During the gallery's most successful period, 1896–1902, Bing sold a great variety of artistic work, included fabrics designed by William Morris, glassware by Louis Comfort Tiffany, jewelry, paintings, ceramics, stained glass, and furniture of Art Nouveau style. Bing dealt with customers ranging from private collectors to major museums, and helped to promote a global art market. His pavilion at the 1900 Paris World's Fair was especially notable.

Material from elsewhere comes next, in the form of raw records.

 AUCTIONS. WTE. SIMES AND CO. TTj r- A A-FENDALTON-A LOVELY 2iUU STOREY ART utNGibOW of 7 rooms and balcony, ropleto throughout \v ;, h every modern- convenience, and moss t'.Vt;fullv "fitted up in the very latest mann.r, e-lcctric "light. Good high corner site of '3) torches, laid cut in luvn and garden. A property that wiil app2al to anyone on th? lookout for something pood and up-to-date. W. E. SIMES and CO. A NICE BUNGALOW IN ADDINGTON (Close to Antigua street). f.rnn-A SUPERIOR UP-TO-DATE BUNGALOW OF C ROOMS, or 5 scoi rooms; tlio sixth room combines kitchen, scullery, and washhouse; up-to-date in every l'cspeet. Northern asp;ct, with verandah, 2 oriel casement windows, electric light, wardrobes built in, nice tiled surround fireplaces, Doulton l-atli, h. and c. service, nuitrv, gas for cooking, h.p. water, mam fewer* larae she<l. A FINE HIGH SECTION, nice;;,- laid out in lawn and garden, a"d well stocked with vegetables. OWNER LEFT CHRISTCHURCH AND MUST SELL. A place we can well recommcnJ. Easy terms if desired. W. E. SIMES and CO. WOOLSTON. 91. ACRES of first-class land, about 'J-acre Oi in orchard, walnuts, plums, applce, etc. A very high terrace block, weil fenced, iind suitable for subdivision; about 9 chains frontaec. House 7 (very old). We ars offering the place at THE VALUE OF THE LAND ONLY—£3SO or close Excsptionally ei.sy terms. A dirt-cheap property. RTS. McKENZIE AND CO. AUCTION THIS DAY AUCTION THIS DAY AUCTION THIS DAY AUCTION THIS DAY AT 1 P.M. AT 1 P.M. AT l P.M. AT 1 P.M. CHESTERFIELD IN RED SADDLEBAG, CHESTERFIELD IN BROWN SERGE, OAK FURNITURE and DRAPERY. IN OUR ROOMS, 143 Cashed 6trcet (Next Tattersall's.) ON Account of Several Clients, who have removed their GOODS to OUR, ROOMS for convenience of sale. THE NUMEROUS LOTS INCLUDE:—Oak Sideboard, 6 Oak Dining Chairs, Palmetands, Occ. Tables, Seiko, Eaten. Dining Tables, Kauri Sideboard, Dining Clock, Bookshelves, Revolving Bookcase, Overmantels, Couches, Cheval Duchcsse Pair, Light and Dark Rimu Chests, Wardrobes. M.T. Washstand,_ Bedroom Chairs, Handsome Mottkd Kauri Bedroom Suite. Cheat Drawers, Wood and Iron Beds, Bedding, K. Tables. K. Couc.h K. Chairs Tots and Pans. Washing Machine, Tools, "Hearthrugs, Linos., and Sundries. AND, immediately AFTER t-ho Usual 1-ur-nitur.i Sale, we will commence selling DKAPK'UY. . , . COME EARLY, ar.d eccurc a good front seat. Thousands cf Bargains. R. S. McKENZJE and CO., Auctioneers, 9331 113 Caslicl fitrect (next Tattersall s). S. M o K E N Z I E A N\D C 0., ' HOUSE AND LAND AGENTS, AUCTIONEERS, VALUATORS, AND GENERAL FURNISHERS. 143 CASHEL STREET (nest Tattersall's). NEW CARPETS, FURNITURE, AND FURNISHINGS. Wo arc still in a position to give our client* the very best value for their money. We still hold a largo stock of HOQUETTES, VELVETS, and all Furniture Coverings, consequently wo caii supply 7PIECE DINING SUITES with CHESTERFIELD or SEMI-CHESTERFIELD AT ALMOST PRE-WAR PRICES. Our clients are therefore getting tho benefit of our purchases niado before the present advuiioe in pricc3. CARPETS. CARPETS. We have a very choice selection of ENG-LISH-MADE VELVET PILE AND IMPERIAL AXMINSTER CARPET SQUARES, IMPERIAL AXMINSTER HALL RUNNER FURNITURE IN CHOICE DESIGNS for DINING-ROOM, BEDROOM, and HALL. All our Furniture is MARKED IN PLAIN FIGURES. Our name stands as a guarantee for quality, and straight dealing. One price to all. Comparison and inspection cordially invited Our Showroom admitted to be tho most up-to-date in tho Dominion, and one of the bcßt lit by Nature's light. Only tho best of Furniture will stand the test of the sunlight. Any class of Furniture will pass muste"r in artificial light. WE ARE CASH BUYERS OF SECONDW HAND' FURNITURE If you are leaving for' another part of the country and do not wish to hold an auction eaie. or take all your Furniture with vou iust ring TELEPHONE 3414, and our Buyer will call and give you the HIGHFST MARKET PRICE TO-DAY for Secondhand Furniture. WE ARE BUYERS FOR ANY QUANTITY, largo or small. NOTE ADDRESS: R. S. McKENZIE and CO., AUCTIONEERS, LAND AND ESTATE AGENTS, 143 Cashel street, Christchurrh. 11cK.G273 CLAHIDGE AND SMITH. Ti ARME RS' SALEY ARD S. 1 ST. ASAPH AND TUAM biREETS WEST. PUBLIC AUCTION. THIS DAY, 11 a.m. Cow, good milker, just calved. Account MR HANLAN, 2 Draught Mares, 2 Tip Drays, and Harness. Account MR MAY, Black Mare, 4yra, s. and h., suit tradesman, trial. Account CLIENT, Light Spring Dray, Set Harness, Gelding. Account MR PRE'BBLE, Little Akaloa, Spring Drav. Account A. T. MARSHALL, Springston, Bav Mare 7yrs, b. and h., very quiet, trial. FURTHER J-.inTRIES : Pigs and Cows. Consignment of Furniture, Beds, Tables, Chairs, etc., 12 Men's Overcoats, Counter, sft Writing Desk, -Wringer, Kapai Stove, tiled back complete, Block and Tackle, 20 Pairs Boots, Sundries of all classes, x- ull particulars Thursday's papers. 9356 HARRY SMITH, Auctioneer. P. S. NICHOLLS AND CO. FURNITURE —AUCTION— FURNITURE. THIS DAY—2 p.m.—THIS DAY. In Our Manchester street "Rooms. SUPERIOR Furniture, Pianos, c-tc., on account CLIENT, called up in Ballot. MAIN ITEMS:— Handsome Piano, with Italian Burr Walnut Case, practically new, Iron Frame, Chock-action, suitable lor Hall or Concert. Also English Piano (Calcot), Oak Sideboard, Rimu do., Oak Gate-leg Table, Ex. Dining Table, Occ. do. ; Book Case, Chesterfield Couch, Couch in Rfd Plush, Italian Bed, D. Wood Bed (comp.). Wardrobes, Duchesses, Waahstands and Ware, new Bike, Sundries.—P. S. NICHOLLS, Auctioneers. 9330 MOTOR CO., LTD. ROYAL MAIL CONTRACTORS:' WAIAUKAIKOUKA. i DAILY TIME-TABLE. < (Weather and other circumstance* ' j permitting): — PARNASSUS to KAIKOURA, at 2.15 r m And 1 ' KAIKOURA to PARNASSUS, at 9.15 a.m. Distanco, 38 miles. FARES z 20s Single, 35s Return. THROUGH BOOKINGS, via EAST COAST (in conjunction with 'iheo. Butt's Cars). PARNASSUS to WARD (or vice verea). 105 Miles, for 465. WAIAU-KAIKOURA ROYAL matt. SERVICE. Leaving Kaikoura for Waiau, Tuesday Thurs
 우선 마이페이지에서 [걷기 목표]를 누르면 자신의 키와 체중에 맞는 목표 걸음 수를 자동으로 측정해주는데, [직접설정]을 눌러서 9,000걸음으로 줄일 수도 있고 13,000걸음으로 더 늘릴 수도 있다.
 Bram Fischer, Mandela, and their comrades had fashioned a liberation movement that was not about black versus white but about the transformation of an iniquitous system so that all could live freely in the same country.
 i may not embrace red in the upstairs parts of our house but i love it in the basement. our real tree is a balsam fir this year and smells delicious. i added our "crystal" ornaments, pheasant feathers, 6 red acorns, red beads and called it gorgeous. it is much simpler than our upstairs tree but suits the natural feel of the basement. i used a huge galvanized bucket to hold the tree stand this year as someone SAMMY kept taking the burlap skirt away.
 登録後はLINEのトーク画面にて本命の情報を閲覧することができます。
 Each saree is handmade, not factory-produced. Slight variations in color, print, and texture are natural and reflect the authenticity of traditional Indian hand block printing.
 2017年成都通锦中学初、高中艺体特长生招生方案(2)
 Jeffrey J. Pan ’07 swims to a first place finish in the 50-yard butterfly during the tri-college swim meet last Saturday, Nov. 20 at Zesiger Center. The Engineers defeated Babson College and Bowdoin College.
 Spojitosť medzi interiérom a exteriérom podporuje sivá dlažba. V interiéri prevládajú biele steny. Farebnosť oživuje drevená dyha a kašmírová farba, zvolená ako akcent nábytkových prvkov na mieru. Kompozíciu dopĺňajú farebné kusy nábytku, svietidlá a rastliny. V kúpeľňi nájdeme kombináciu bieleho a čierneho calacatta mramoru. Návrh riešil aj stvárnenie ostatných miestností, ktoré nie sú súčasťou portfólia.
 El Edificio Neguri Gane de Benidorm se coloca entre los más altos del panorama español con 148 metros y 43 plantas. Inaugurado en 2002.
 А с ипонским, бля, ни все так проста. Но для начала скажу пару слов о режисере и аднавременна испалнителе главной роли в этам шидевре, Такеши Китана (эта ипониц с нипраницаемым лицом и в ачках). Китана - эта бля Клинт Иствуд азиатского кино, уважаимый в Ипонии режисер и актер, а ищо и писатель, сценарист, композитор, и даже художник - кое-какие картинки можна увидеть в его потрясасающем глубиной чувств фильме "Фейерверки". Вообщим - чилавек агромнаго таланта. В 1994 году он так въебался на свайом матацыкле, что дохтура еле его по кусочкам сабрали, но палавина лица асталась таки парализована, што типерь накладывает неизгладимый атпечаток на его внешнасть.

By this time Bing was the primary European dealer for the Rookwood Pottery Co. of Cincinnati and the Grueby Faience Company of Boston, as well as the wares of Tiffany.
Siegfried Bing had also a significant role in promoting artists who were associated in the new style movement named Les Nabis, including Pierre Bonnard, Édouard Vuillard, Maurice Denis, Paul Sérusier, Paul Ranson and Felix Vallotton.
He published a monthly journal, Le Japon Artistique, which began in 1888 and was collected in three volumes in 1891. The journal influenced people like Gustav Klimt.